--- Material for this exercise Enclosed Below ---

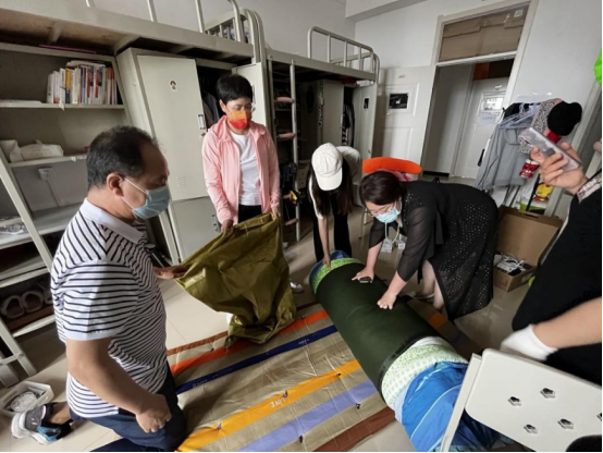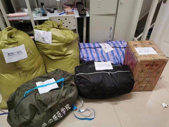 学院领导亲力亲为,带头参与毕业生的行李打包。因疫情原因无法返校学生的行李,班主任通过视频与同学们沟通、询问物品相关信息,认真标记物品数量。
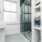 Shower Room. Large walk-in shower cubicle, pedestal wash hand basin, radiator, sash window to the rear and shelved storage.
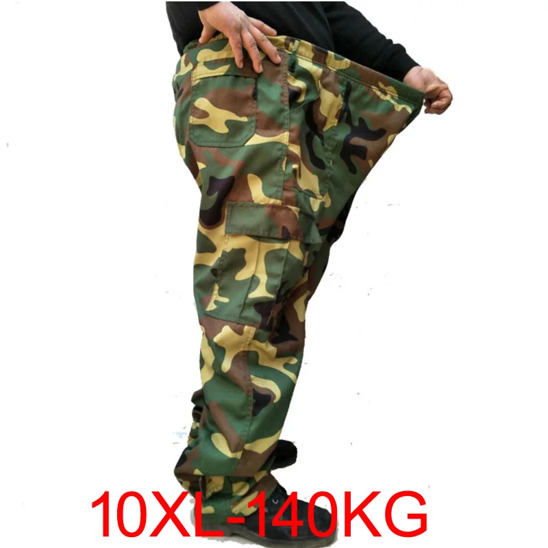 Летнее платье размера плюс 9XL 10XL Мужские Брюки карго с эластичной резинкой на талии большие размеры 8XL камуфляж Армейский зеленый дома и на открытом воздухе 140 кг Стиль рабочие брюки
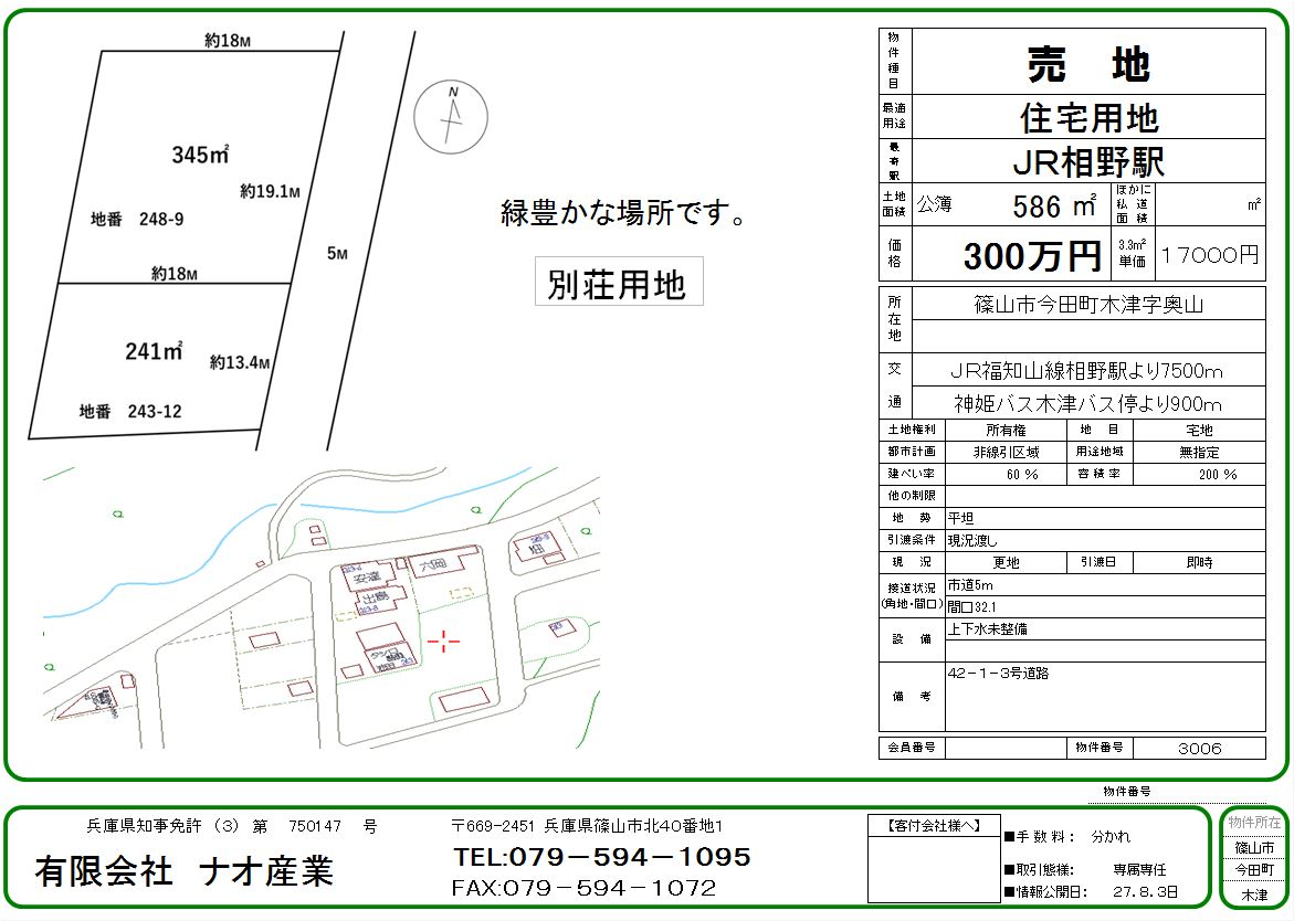 池上字小屋前坪 売り土地 物件の詳細を見る 価格 1,300万円 売地 坪単価12万円 所在地兵庫県丹波篠山市 池上字小屋前坪 交通JR福知山線 篠山口駅 バス(神姫バス篠山営業所 乗25分 停歩1分) JR福知山線篠山口駅より車で10分 面積 土地 357.22m² 物件番号3035
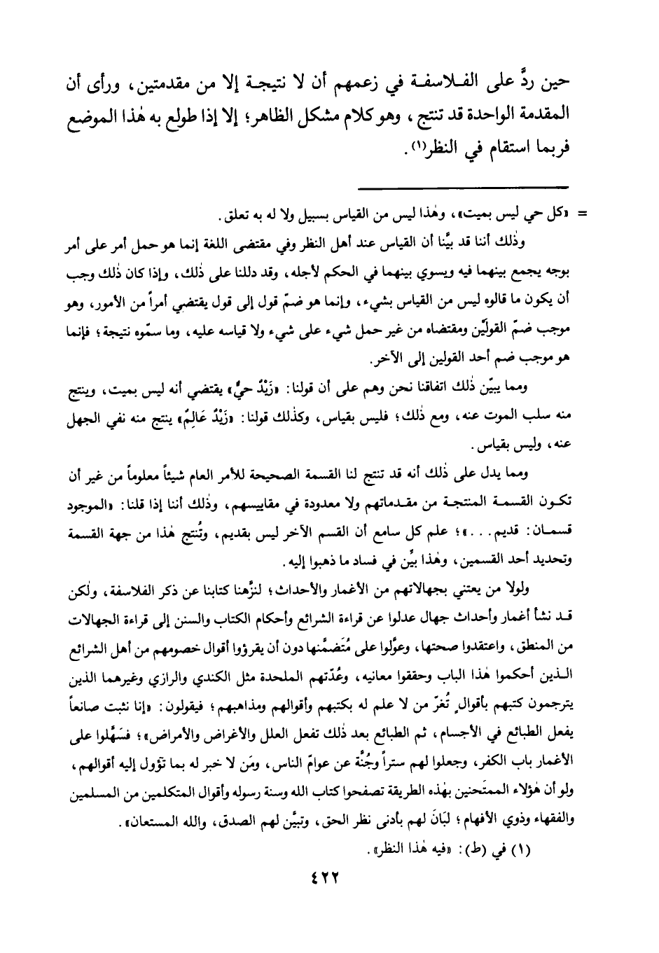 حِينَ رَدَّ عَلَى الْفَلَاسِفَةِ فِي زَعْمِهِمْ أَنَّ لَا نَتِيجَةَ إِلَّا مِنْ مُقَدِّمَتَيْنِ، وَرَأَى أَنَّ الْمُقَدِّمَةَ الْوَاحِدَةَ قَدْ تُنْتِجُ، وَهُوَ كَلَامٌ مُشْكِلُ الظَّاهِرِ؛ إِلَّا إِذَا طُولِعَ بِهِ هَذَا الْمَوْضِعُ فربما استقام في النظر1.
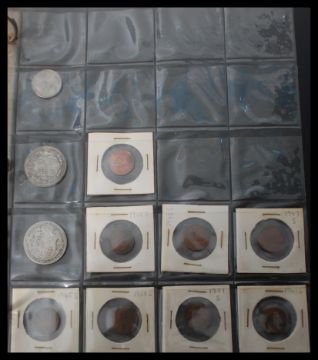 Three albums of assorted coins to include a good assortment of British Half Crowns dating from 1920's - 1960's, 3 pence pieces dating from 1916-1920, a large collection of penny's dating from 1896 - 1967, 20th Century Scandinavian coins including a 1964 10 Kroner coin, a selection of American coins to include 1950's silver half dollars, 1977 Canadian proof coins, Japanese Government notes, 1967 Canadian dollars etc.
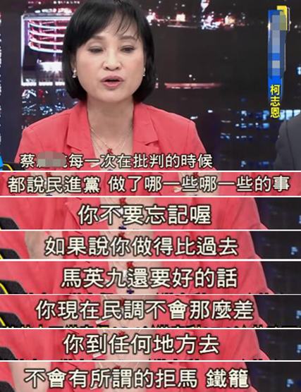 國民黨民代柯志恩則表示,蔡英文每次批判馬英九和國民黨時,都說民進(jìn)黨做了很多事,但“如果你做的比馬英九還要好的話,你現(xiàn)在民調(diào)不會這么差,你去任何地方也不會有拒馬和鐵籠”!
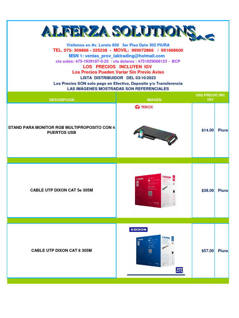 Lista de Precios 03102023 | PDF | Impresora (Computación) | Ingeniería ...
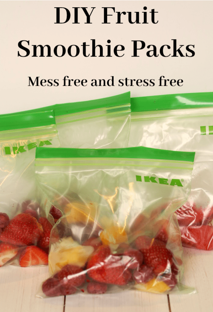 The best way to do this would be to chop any fruit you were going to use and freeze it on a baking tray in the freezer but honestly, that’s totally not necessary and just adds extra faff to the process. I just chop up all the fruit, pop it into all the bags and freeze them as they are. We just give the bag a gentle whack on the counter when we get it out to use to separate the fruit a little.
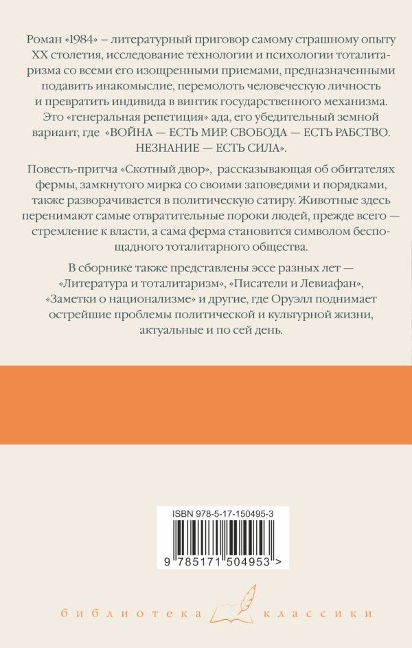 Роман "1984" – литературный приговор самому страшному опыту ХХ столетия, исследование технологии и психологии тоталитаризма со всеми его изощренными приемами, предназначенными подавить инакомыслие, перемолоть человеческую личность и превратить индивида в винтик государственного механизма. Это "генеральная репетиция" ада, его убедительный земной вариант, где "ВОЙНА ЕСТЬ МИР. СВОБОДА ЕСТЬ РАБСТВО. НЕЗНАНИЕ ЕСТЬ СИЛА".
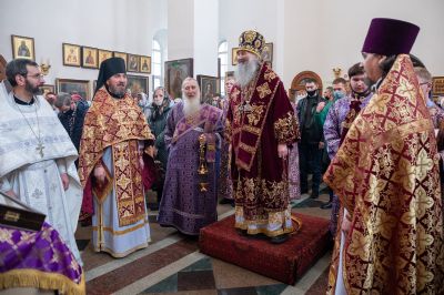 Владыке сослужили секретарь Йошкар-Олинского епархиального управления иеромонах Серафим (Пасанаев), настоятель храма иерей Александр Лоскутов, клирики храма и протодиакон Михаил Козловский. Песнопения исполнял хор храма под управлением регента Наталии Поповой.

--- End of Enclosed Material for this exercise ---

# Exercise brief
Both ends included, copy word for word the lines from the top of the entries above through the line with "Shower Room. Large". No pictures.

# Solution to the problem
 学院领导亲力亲为,带头参与毕业生的行李打包。因疫情原因无法返校学生的行李,班主任通过视频与同学们沟通、询问物品相关信息,认真标记物品数量。
 Shower Room. Large walk-in shower cubicle, pedestal wash hand basin, radiator, sash window to the rear and shelved storage.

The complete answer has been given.